Mon travail oscille entre la photographie en studio et les clichés volés de rue. Mes humeurs influencent beaucoup mon travail et mes inspirations, je dois dire que j’en suis assez prisonnier… En effet, je peux passer des mois sur mes fonds de couleurs dans mon studio à rechercher la pose parfaite d’un mannequin et, à d’autres moments, je n’arrive pas à rester enfermé ! Je passe alors mes journées et mes nuits à déambuler dans les rues, à la recherche d’un moment qui m’interpelle, ou d’une personne qui attire mon attention. 

La première fois que je suis parti en Inde c’était avec mon meilleur ami. J’avais envie de découvrir par moi-même ce pays mythique et mystique, ce territoire de contrastes, de couleurs et de saveurs dont on entend tant parler.

 

Mon premier contact avec l’Inde m’a laissé sans voix… Je suis resté bouche bée devant l’architecture, à la fois bordelique, mais témoignant aussi d’un certain faste.
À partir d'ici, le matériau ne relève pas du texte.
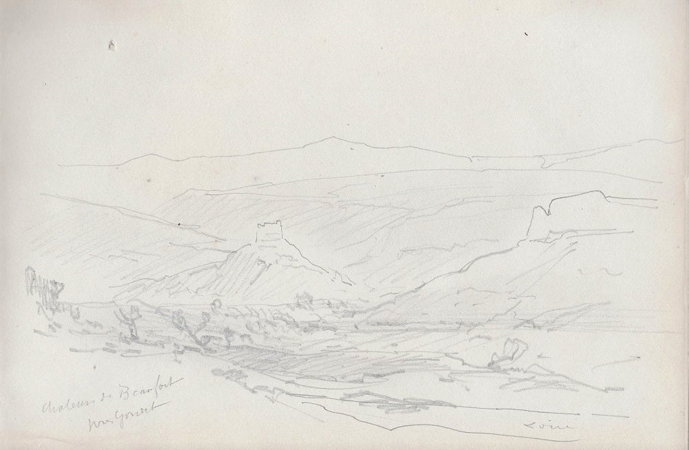 A07 Esquisse, crayon. 7ème dessin du carnet A (feuille 175*259 mm) par Émile Benoit Noirot (Roanne (Loire), 5 juin 1853 † St-Germain-des-Fossés (Allier), 5 juin 1924, NS, situé en bg Château de Beaufort | près Goudet. Format paysage. Vue sur les ruines du château de Beaufort édifié au début du XIIIe siècle sur un piton rocheux surplombant le bourg de Goudet dans la Haute-Loire et la vallée de la Loire. Comme le village précédent, Goudet a été visité par Stevenson.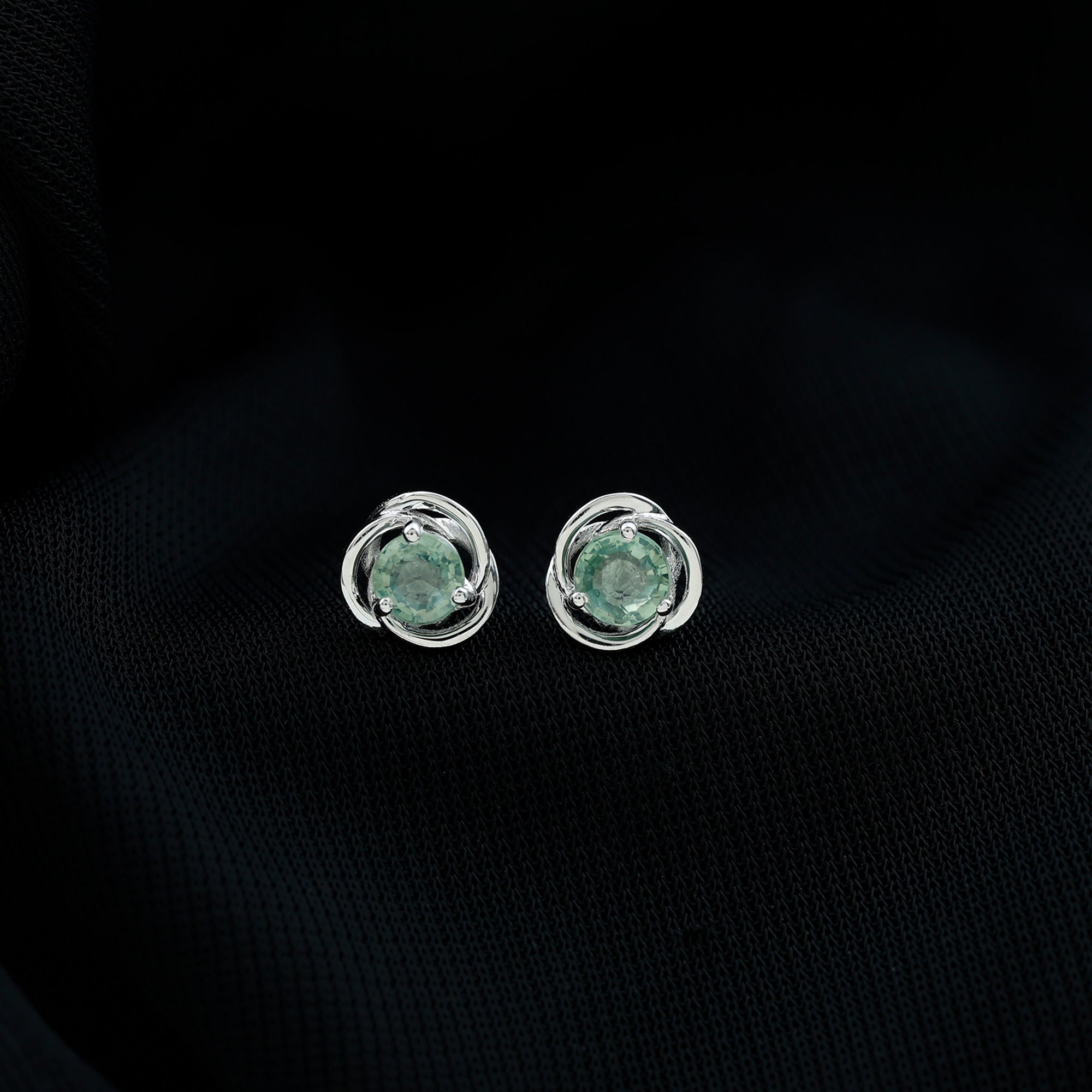 0.50 CT Round Cut Green Sapphire Swirl Solitaire Stud Earrings

Je me suis senti porté par l’énergie qui se dégage des centaines de milliers de personnes qui nous entourent dans la rue… Et j’ai été bouleversé par leur rapport à la vie, au temps et à la mort.

 

Mais ce sont les odeurs qui m’ont le plus marquées. Au même titre que la photographie, je suis passionné par les parfums. Si je n’avais pas été photographe alors j’aurais rêvé être nez. Je me rappelle de tous mes voyages grâce aux odeurs. Plus les odeurs sont différentes de celle que je connais, plus mon attachement au pays va s’accroitre. Les odeurs indiennes, agréables ou non, me font encore voyager aujourd’hui.

 

Ce voyage fut une véritable révélation pour moi. J’ai eu l’impression d’être un nouveau-né découvrant un autre monde au travers de sens décuplés… J’étais un peu perdu, mais émerveillé !
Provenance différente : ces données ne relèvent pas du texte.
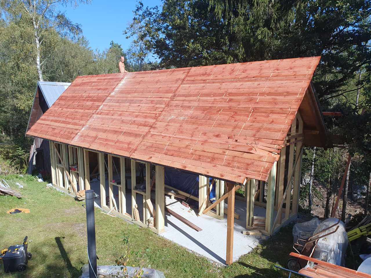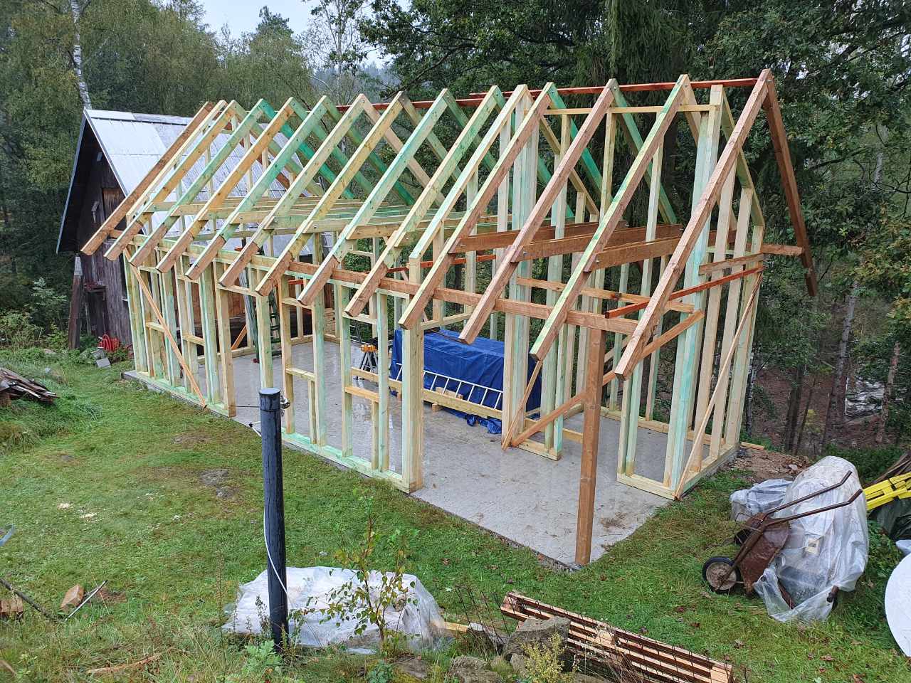 V Rynarticích jsme postavili dílnu s fasádou z falcovaných prken, ošetřenou kvalitním nátěrem Remmers pro dlouhou životnost a odolnost vůči povětrnostním vlivům.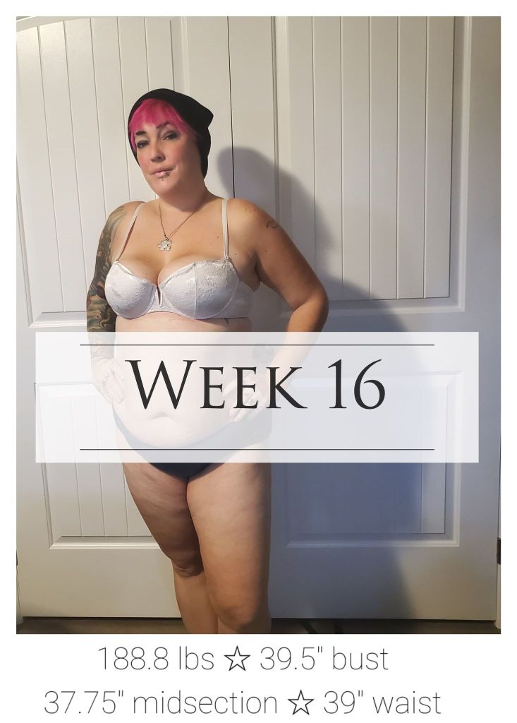 I’m down just a pound this week, but I’ve carved off more than an inch from my bust, half an inch off my hips and another inch and a half off my tummy for a total of 14.25 inches off my midsection since I started four months ago. See? Something worth smiling for. There always is.
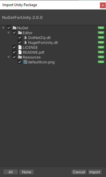 4. You can also double-click on the downloaded NuGet.unitypackage with Unity open to install.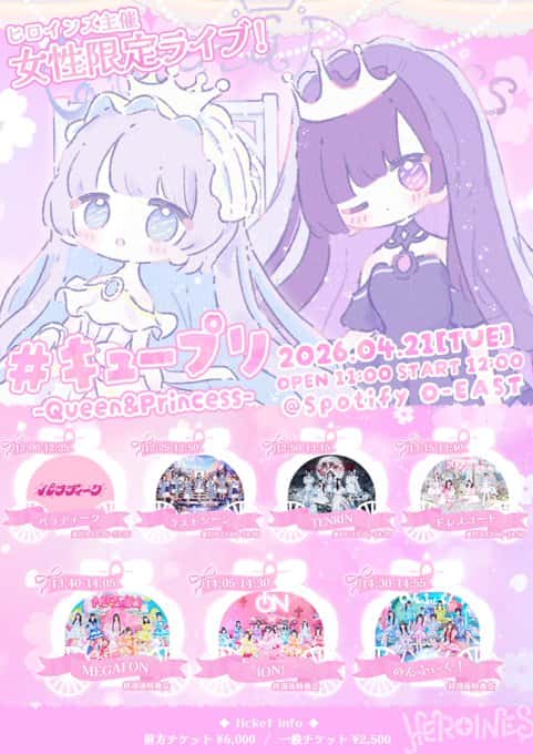 LIVE 概要 タイトル 『HEROINES主催 女性限定LIVE #キュープリ -Queen &Princess -』 開催日 2026年4月21日 場所 Spotify O-EAST 出演 サポート:かのん のんふぃく! / iON! / MEGAFON / ドレスコード / ラストシーン / TENRIN / パラディーク LIVE 動... -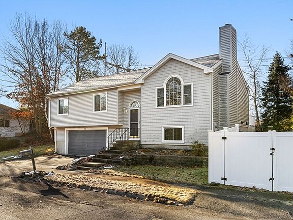 Welcome to 56 Nells Pond Rd! This lovely home features an Open floor plan with cathedral ceilings in the living room/dining room with wood burning fireplace with lots of natural light coming in. The kitchen features white cabinets, beautiful white quartz countertops and island.Spacious primary bedroom with full size bath and two nice size bedrooms.The lower level versatile space that can be used as a family room,home office or guest bedroom and half bath with washer/dryer. Slider off of the dining room leads to a nice size Trex composite deck and a screened porch for great outdoor entertaining. The unattached screened porch equipped with a ceiling fan and outlets. Nice size 2 car garage, 2 driveways for lots of convenient parking and storage shed.Close proximity to the Lynnfield line and access to major highways including Rt 1, 95 & 128 and Lynn Woods Reservation for hiking and biking.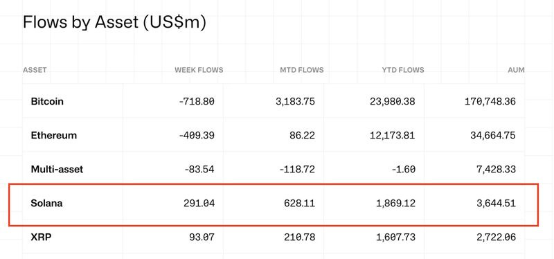 1. Amidst turbulent markets last week, SOL experienced one of its strongest weeks of institutional inflows with over $291M pouring in. September inflows now stand at $628M—over 7x larger than ETH.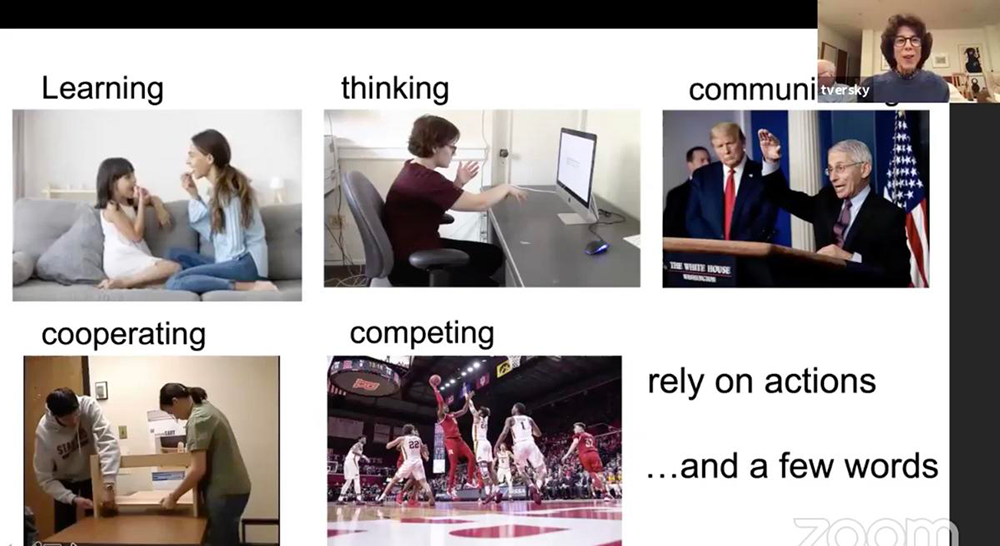 斯坦福大学心理学名誉教授Barbara Tversky认为,所有的生物都必须在空间中运动,运动停止,生命也就终结了。Tversky还谈到了人们如何做手势以及能够影响人类思维变化的运动。

Un des souvenirs marquants que j'ai ce sont les routes qui sont très dangereuses. Lorsque je ne conduisais pas je me sentais obligé de garder en permanence un œil sur la route. Pendant de très longues heures je voguais entre un état de conscience et de somnolence, observant ces vastes étendues, ces centaines de vaches affalées sur le bitume, ces enfants à demi-nu courant sur le bas-côté et cette nature luxuriante… Ces trajets sur les routes m’ont énormément appris sur les modes de vie des indiens et leurs quotidiens.

C’est cette Inde là que j’ai eu envie de capturer. C’est elle aussi que m’a donné envie de revenir. Ça n’a pas manqué, 6 mois après être rentré à Paris, je repartais pour un mois entier. Ça a été dur de transmettre tant d’énergies et d’émotions au travers de quelques clichés mais - grâce aux couleurs notamment - j’espère avoir réussi à capturer la puissance de la vie qui émane de ce pays.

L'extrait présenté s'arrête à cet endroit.